A spokesperson for the RMT said that “management have taken the unjust decision to close the section for future accrual” despite the good funding position. “The RMT have had no choice but to ballot its members for industrial action in defence of their future pension rights,” the spokesperson added.
Company cites future growth in liability
A spokesperson for FirstGroup admitted the section showed a 99% actuarial funding level, but said that “this measure of the funding level assumes high levels of investment growth and risk”.
Following the closure of the section, the company plans to work with the trustee to establish a journey plan to low dependency, the spokesperson added.
“Without closure, the liabilities would have continued to grow at an exponential rate, exposing Hull Trains to risk that it cannot afford, and putting members’ benefits at risk,” they said. Hull Trains is an ‘open access’ operator, meaning its income is wholly reliant on ticket sales. It has seen a drop in passenger numbers during the pandemic.

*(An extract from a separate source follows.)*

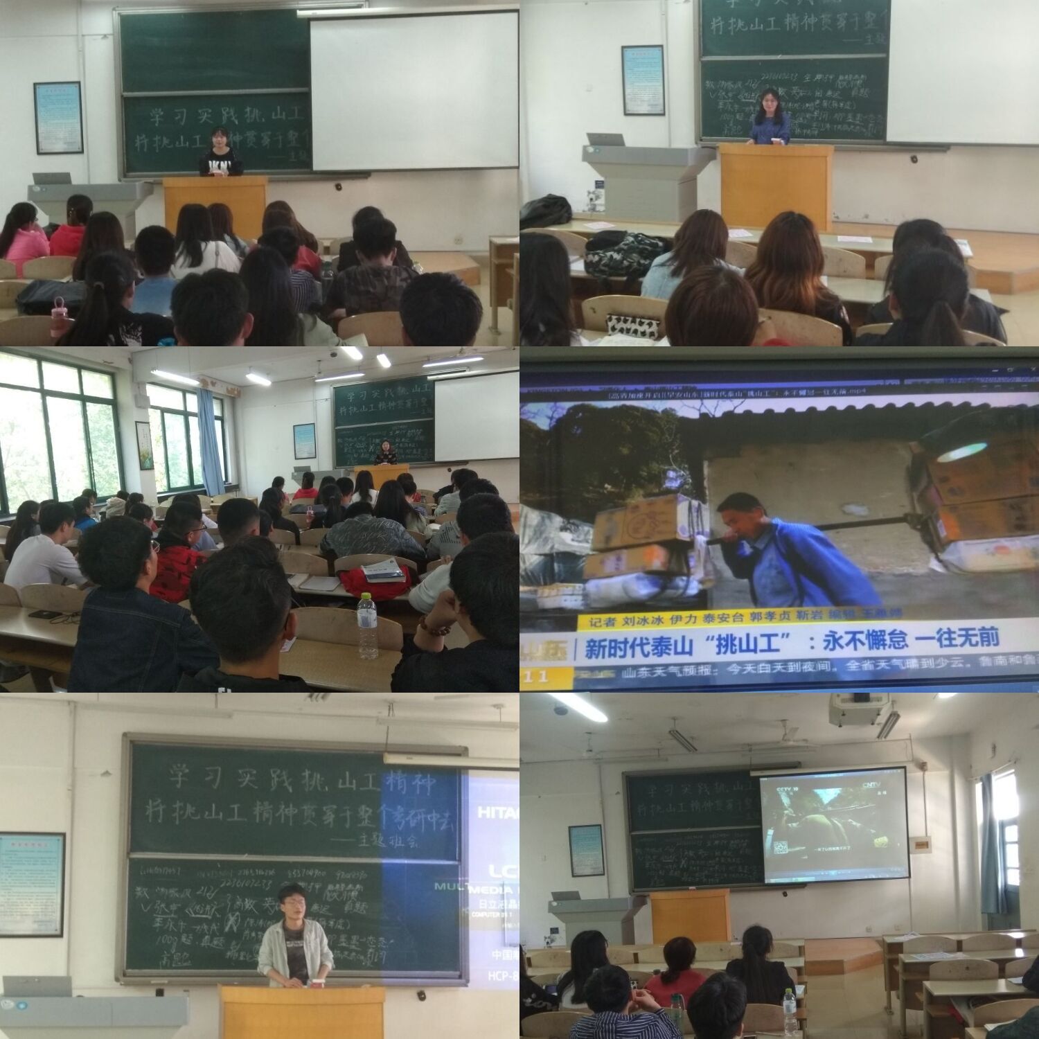 辅导员赵传华老师为大家播放了泰山挑山工的影像资料:泰山是中国古代文化的象征之一,自身魅力和自然条件催生了挑山工这一独特职业;挑山工认准目标,坚持不懈,始终走在自己的道路上;泰山挑山工精神可概括为:埋头苦干,勇挑重担,永不懈怠,一往无前;昔日有300多名默默无闻的挑夫在泰山上上下穿梭,如今仅有三十几位还在岗位上继续坚持着。看完视频后同学们都感慨,无论是平时学习还是考研,都应该泰山挑山工一样永不懈怠,一步一步的扎实稳干。

Members in the Hull Trains section will now join a DC scheme with joint contributions of up to 22.5% of salary.
Main scheme receives cash after loss of guarantee
FirstGroup will contribute £336m to the First UK Bus Pension Scheme and the FirstGroup Pension Scheme, “to address the UK Bus pension scheme deficit and move it to a low dependency position, recognising its funding plans had relied on a parent company guarantee supported in part by First Student and Transit earnings”, the company spokesperson said.
Of the sum paid to the two UK schemes, £220m in cash will go to the First UK Bus Pension Scheme, with a further £95m held in escrow, also with the aim of getting the scheme to a low dependency funding position.
Another £21m will be paid into an escrow account for the FirstGroup Pension Scheme, which had an actuarial deficit of £19m in April last year. The scheme is moving its assets into bonds, triggered by the funding level. Although the trustee has not ruled out a buyout, the company said there are no immediate plans for one.